Richard Flageole, FCA
Vérificateur général adjoint du bureau du vérificateur général

Madame la Présidente, je vous remercie de nous donner la possibilité de présenter nos commentaires sur le projet de loi C-53, la Loi sur le financement des petites entreprises du Canada.

Nos commentaires sont formulés de la manière suivante. Tout d’abord, nous examinerons brièvement les principaux messages du chapitre 29 de notre rapport de décembre 1997 sur la gestion du programme de prêts aux petites entreprises. Ensuite, pour chacun de ces messages, nous présenterons nos vues sur la mesure dans laquelle le projet de loi C-53 répond à nos préoccupations et à celles exprimées par le Comité des comptes publics dans son rapport du 12 mai 1998 à la Chambre des communes. Enfin, nous ferons des suggestions au Comité au sujet de l’information supplémentaire qu’il pourrait vouloir demander au Ministère. J’aimerais souligner que nous n’avons pas examiné les règlements qui seront pris aux termes de ce projet de loi et qu’Industrie Canada est en train d’élaborer.

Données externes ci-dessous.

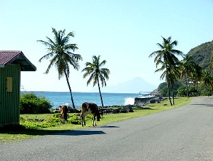 Today the island has a run down appearance intermingled among a crumbling historic fort and hurricane damaged ruins from years gone by. The population is approximately 1600 and guess what the medical school comprises 17% of the head count. Fifty ethnic Chinese add to the population staffing six Chinese restaurants and we can attest to the authenticity of one. Statia has the highest of the volcanic peaks in the region that is called "the islands that brush the clouds". No thanks, we pulled up anchor early the next morning and headed for St Christopher, or St Kitts for short. Nice the way all these islands have nick names.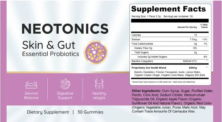 Neotonics is a breakthrough supplement that tackles the root cause of premature skin aging by targeting gut health — where it all begins. As the first formula of its kind, Neotonics combines 500 million units of high-potency probiotics with 9 powerful natural ingredients, all clinically tested to support glowing skin and optimized digestion.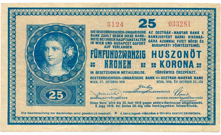 | 2008. | 25 K 1918, s.3124, úzká čísla (13x3mm), Rv. bez potisku (Maďarsko) | 2-3 | 360,- | --.- |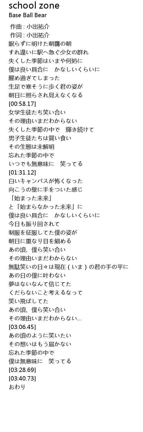 | [00:01.00] | 作词 : 小出祐介 |

Définir les résultats escomptés

Dans le premier message de notre rapport, nous avons attiré l’attention sur le fait que le Ministère devait définir plus clairement les résultats escomptés du programme de prêts aux petites entreprises et veiller à ce que ce dernier soit conçu de manière à maximiser les effets attendus.

Depuis 1961, l’objet premier du programme est d’accroître l’accès aux prêts aux petites entreprises. C’est un objectif de portée vraiment très générale. Nous avons constaté que la surveillance du Programme effectuée par Industrie Canada était concentrée surtout sur le niveau d’activité, notamment le volume de prêts, les caractéristiques des emprunteurs et des prêteurs et le nombre prévu d’emplois créés. À notre avis, le Ministère n’a pas fourni suffisamment d’information sur les résultats obtenus. Pour fournir une information suffisante, il doit préciser les attentes et élaborer des indicateurs de rendement en ce qui concerne l’établissement, l’agrandissement, la modernisation et l’amélioration des petites entreprises. Le Comité des comptes publics a indiqué dans son rapport que des critères de rendement bien définis sont essentiels à la conception rationnelle d’un programme.

La notion d’effet d’accroissement fait aussi partie intégrante de l’objet du programme; les nouveaux prêts doivent s’ajouter aux prêts qui auraient été consentis de toute façon et ne doivent donc pas remplacer ces derniers. Une étude, publiée en 1994, indiquait qu’entre 30 et 40 p. 100 de ces prêts garantis avaient été consentis à des entreprises qui, de toute façon, auraient reçu du financement de prêteurs. Une étude publiée en 1996 précisait qu’environ 54 p. 100 des prêts accordés, en particulier aux entreprises nouvellement créées, pouvaient être considérés comme présentant un effet d’accroissement. Nous croyons qu’il est important pour Industrie Canada de préciser le niveau de l’effet d’accroissement attendu pour ces prêts. En outre, le Comité des comptes publics a recommandé que des niveaux cibles clairs soient établis pour l’effet d’accroissement des prêts consentis au titre de la Loi sur les prêts aux petites entreprises.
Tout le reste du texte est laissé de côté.